Recorded data
============================================================
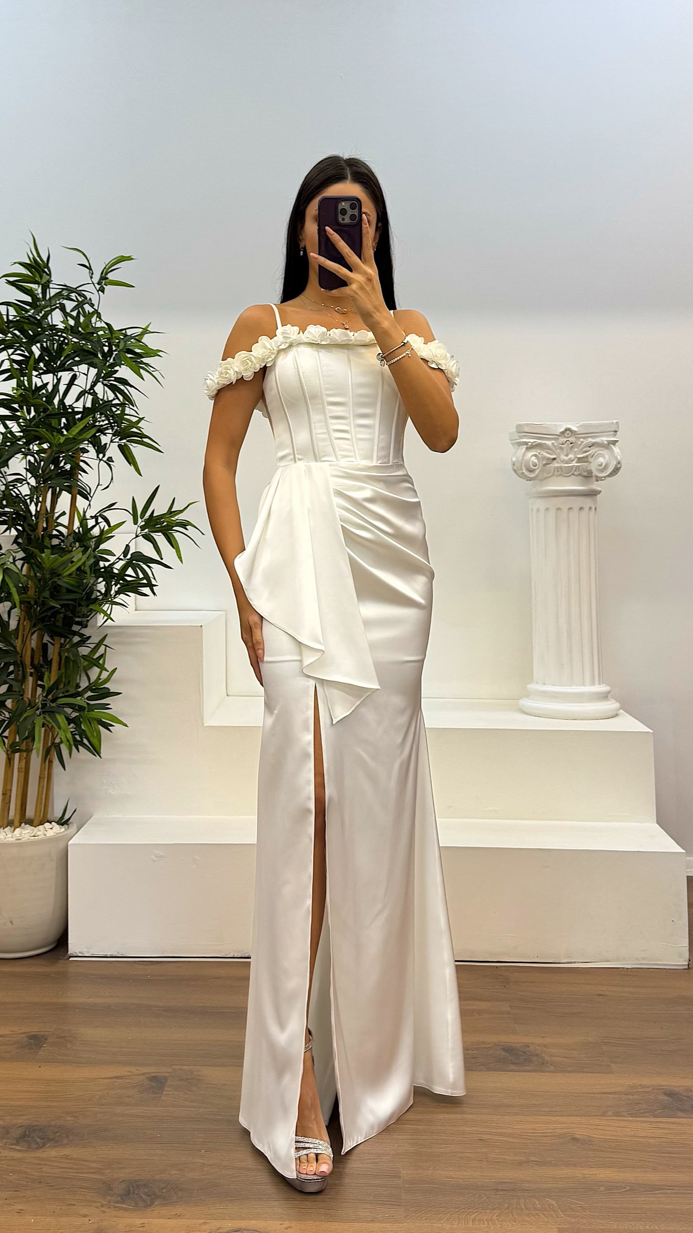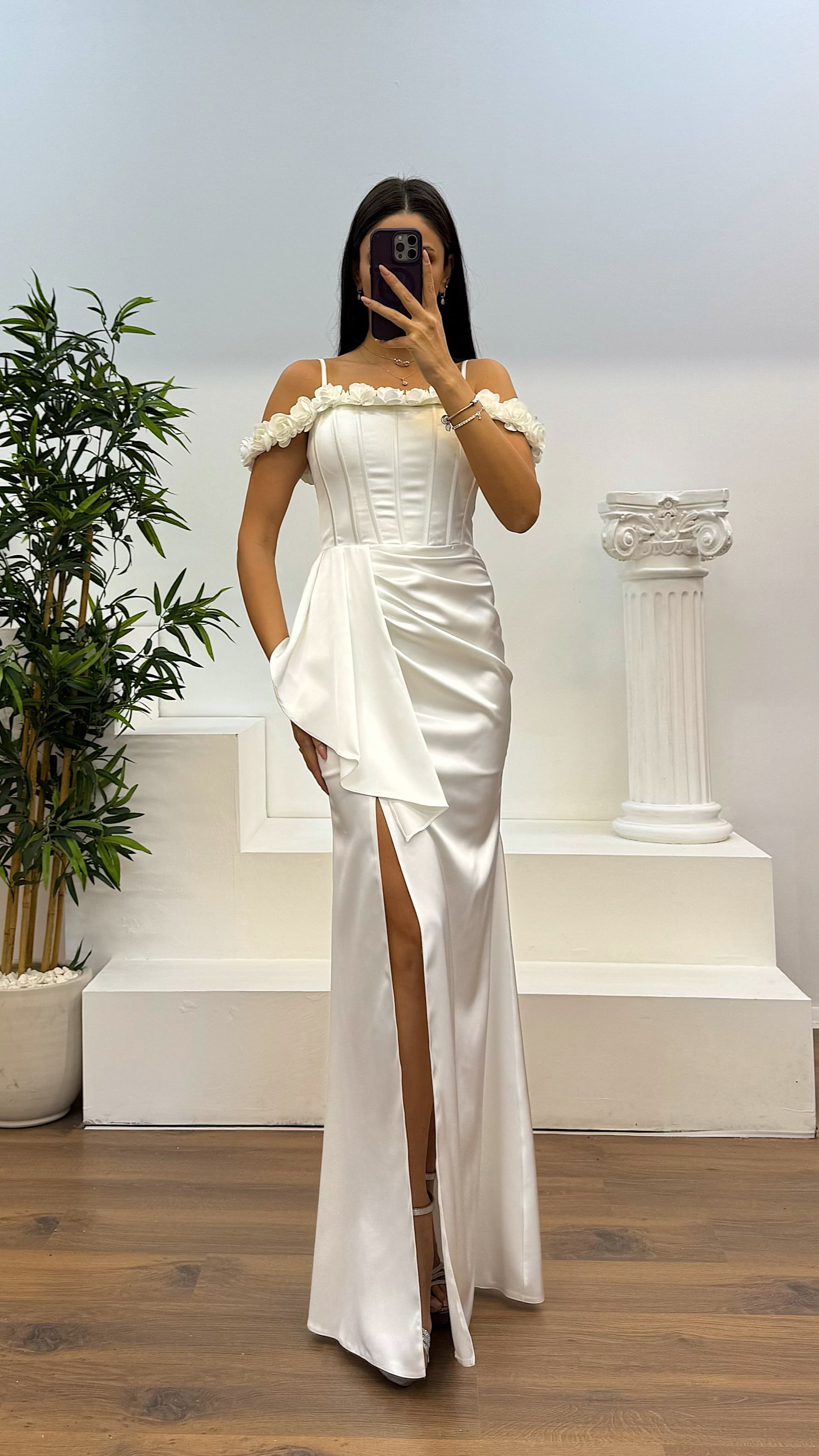 Beyaz İp Askılı Yaka Gül Detay Saten Abiye Elbise
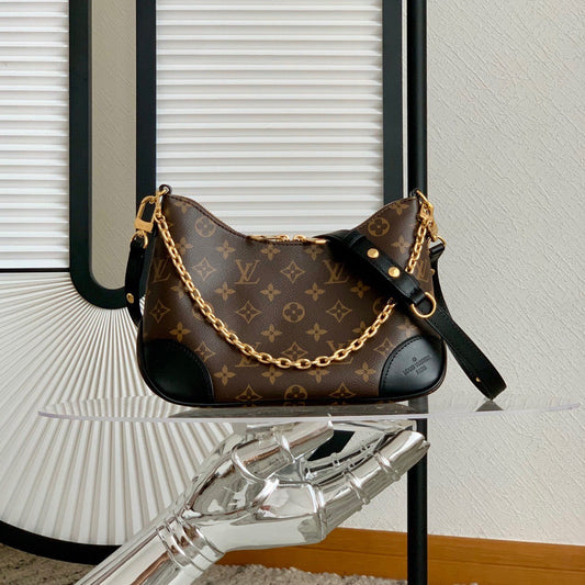 Black Boulogne Monogram Canvas Leather Bag Leather Crossbody Bag for Women
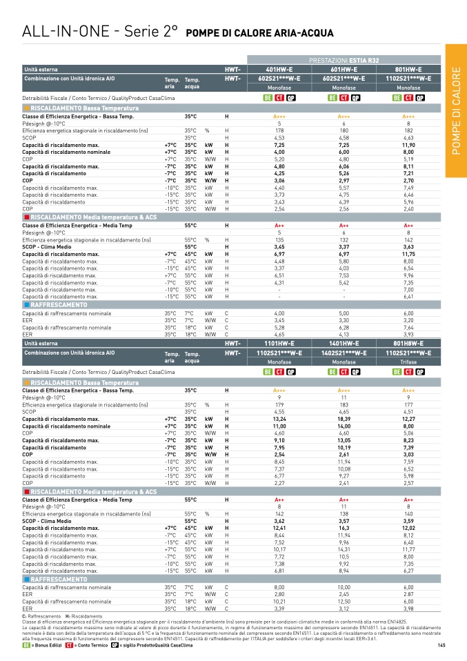 Le capacità di riscaldamento massime sono indicate al valore di picco durante il funzionamento, in regime di funzionamento massimo del compressore secondo EN14511. La capacità di riscaldament
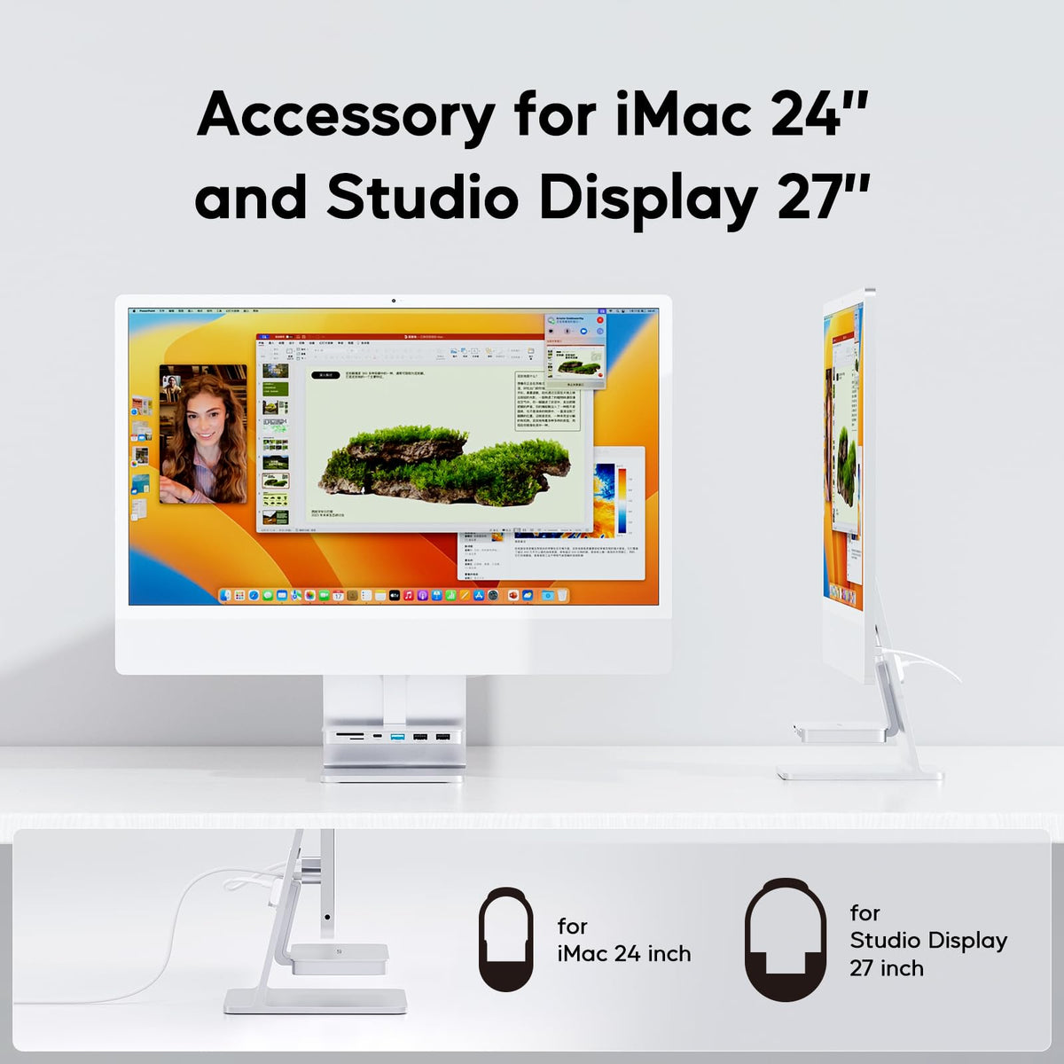 Q: What devices are compatible with the PULWTOP USB C Hub for iMac?A: The PULWTOP USB C Hub is compatible with iMac 2021, 2023, and 2024 models equipped with M1, M3, or M4 chips, as well as the Studio Display 27-inch. It is specifically designed for iMac 24-inch models and supports a variety of devices with full-featured Type C ports.
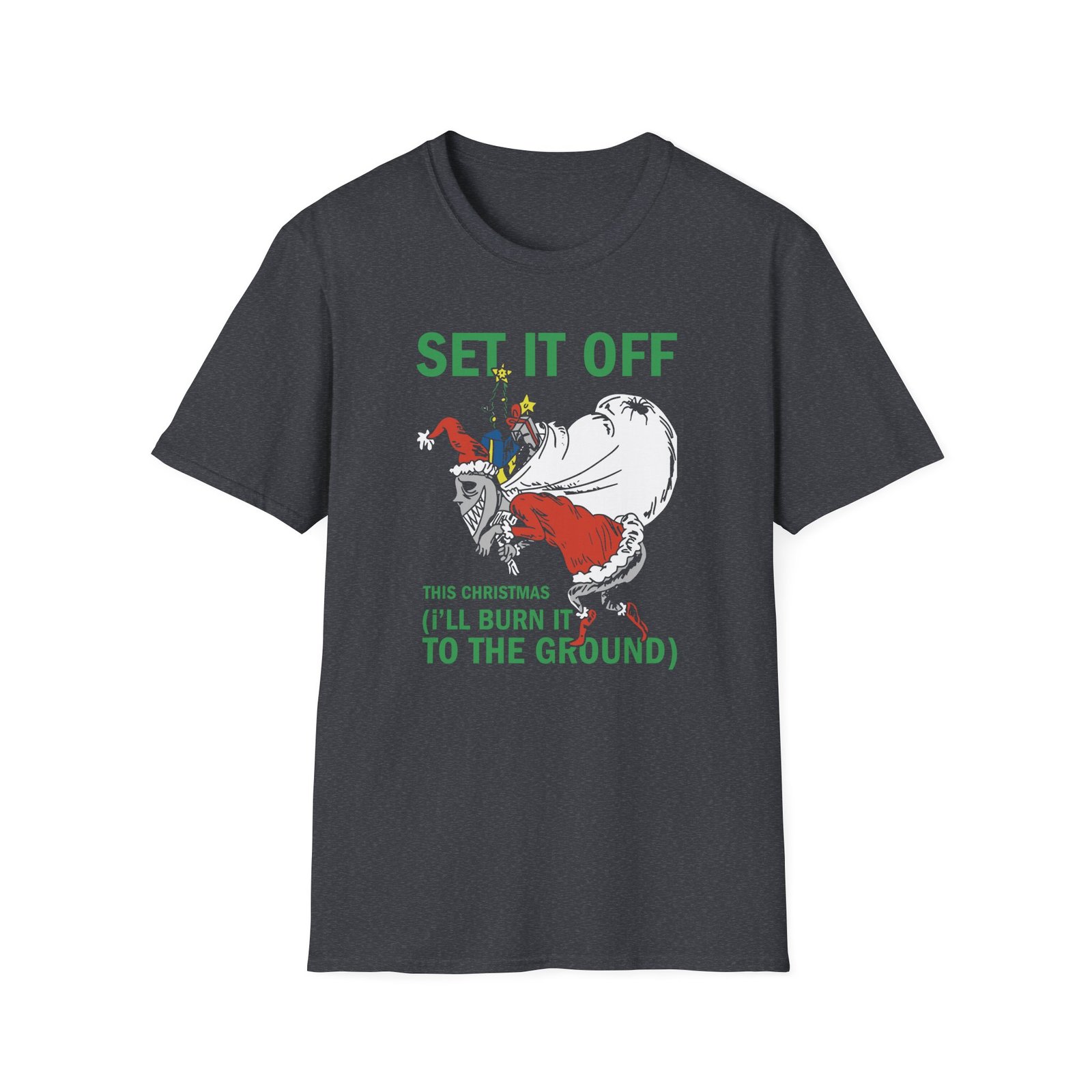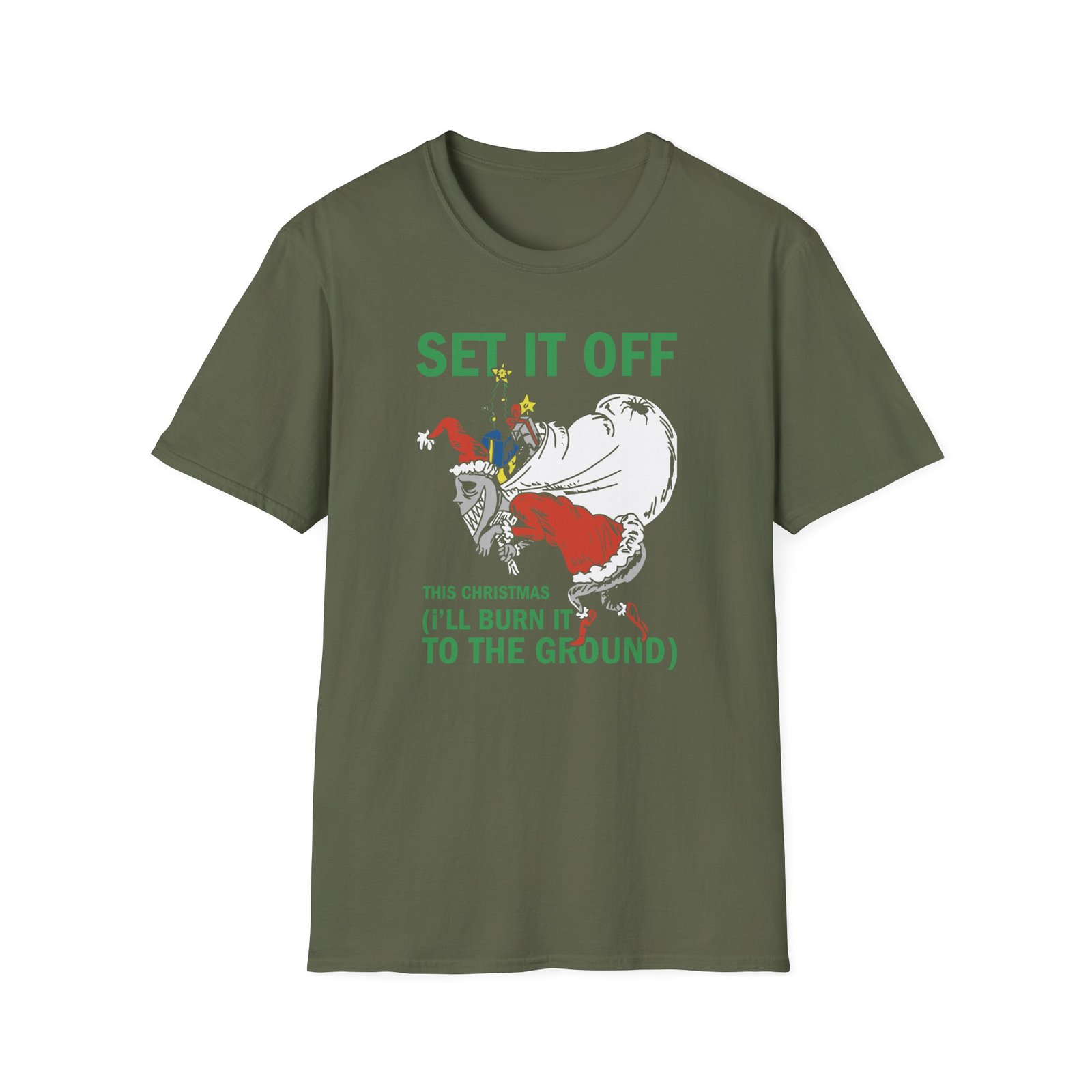 The Set It Off Grinch unisex soft-style t-shirt puts a new spin on casual comfort. Made from very soft materials, this tee is 100% cotton for solid colors. Heather colors and sports grey include polyester. The shoulders have twill tape for improved durability. There are no side seams. The collar is made with ribbed knitting to prevent curling damage.
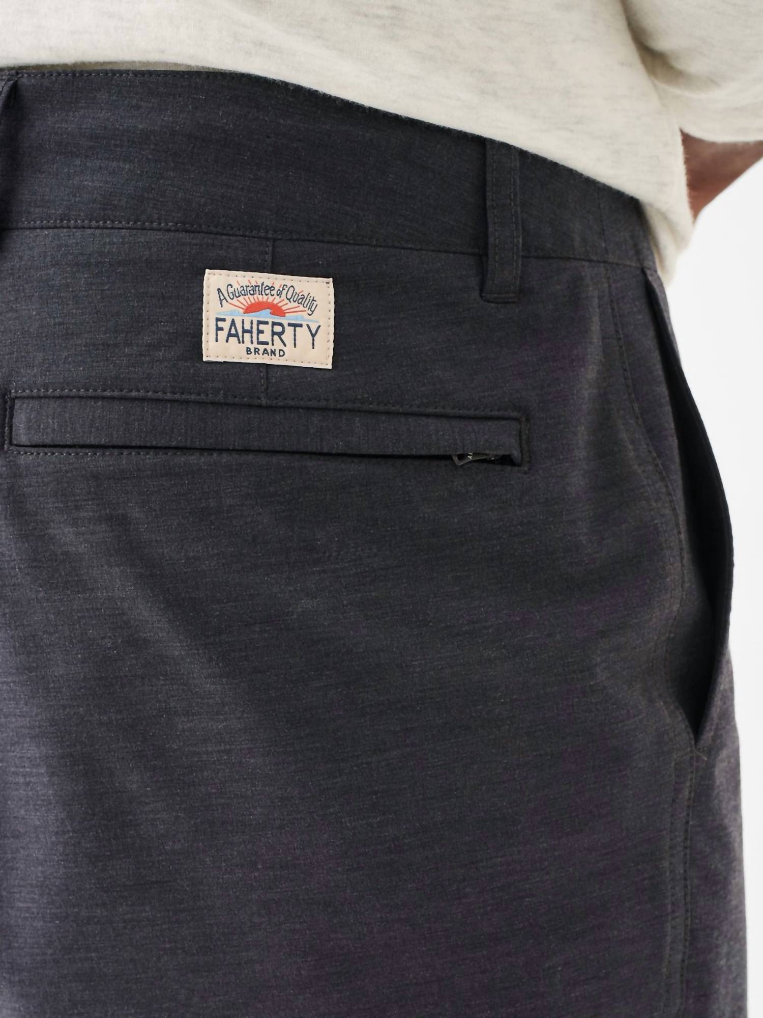 Upgrade your summer wardrobe with the Faherty Belt Loop All Day Shorts in a crisp Ice Grey shade. With a relaxed fit, these shorts feature a 7" inseam, straight leg, and are designed to sit below the natural waist for superior comfort. The eco-friendly fabric comprises 75% Recycled Polyester, 17% Cotton, and 8% Spandex, offering a soft, natural feel with durable belt loops and a drawcord at the interior waistband for a custom fit. Closure: Zip fly. Care: Machine wash cold, tumble dry low. Crafted for functionality, they include mesh-lined pockets, a hidden zip pocket, and are imported for quality you can rely on.
============================================================
### Exercise brief
The entries above must be restated exactly in the answer, and the pictures left out.

### Solution to this exercise
 Beyaz İp Askılı Yaka Gül Detay Saten Abiye Elbise
 Black Boulogne Monogram Canvas Leather Bag Leather Crossbody Bag for Women
 Le capacità di riscaldamento massime sono indicate al valore di picco durante il funzionamento, in regime di funzionamento massimo del compressore secondo EN14511. La capacità di riscaldament
 Q: What devices are compatible with the PULWTOP USB C Hub for iMac?A: The PULWTOP USB C Hub is compatible with iMac 2021, 2023, and 2024 models equipped with M1, M3, or M4 chips, as well as the Studio Display 27-inch. It is specifically designed for iMac 24-inch models and supports a variety of devices with full-featured Type C ports.
 The Set It Off Grinch unisex soft-style t-shirt puts a new spin on casual comfort. Made from very soft materials, this tee is 100% cotton for solid colors. Heather colors and sports grey include polyester. The shoulders have twill tape for improved durability. There are no side seams. The collar is made with ribbed knitting to prevent curling damage.
 Upgrade your summer wardrobe with the Faherty Belt Loop All Day Shorts in a crisp Ice Grey shade. With a relaxed fit, these shorts feature a 7" inseam, straight leg, and are designed to sit below the natural waist for superior comfort. The eco-friendly fabric comprises 75% Recycled Polyester, 17% Cotton, and 8% Spandex, offering a soft, natural feel with durable belt loops and a drawcord at the interior waistband for a custom fit. Closure: Zip fly. Care: Machine wash cold, tumble dry low. Crafted for functionality, they include mesh-lined pockets, a hidden zip pocket, and are imported for quality you can rely on.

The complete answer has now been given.